# Data below
———

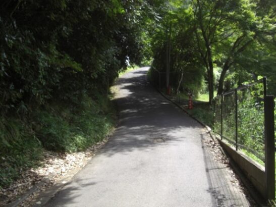 茶屋跡を右に見て、左にカーブしながら坂を登ります
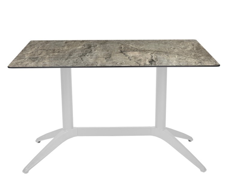 Mesa Quatro Dúo de Ezpeleta fabricada en aluminio pintado en blanco y tablero en compacto color stone.
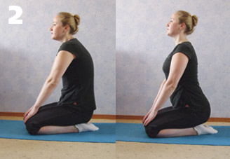 Сядь на колени, положи руки ладонями вниз на бедра (рис. 2) и в этой позе повтори первое упражнение 26-108 раз. В конце сделай глубокий вдох, ляг на спину и отдохни 2 минуты.

———

Once more, please print the whole listing exactly, omitting each image.

 茶屋跡を右に見て、左にカーブしながら坂を登ります
 Mesa Quatro Dúo de Ezpeleta fabricada en aluminio pintado en blanco y tablero en compacto color stone.
 Сядь на колени, положи руки ладонями вниз на бедра (рис. 2) и в этой позе повтори первое упражнение 26-108 раз. В конце сделай глубокий вдох, ляг на спину и отдохни 2 минуты.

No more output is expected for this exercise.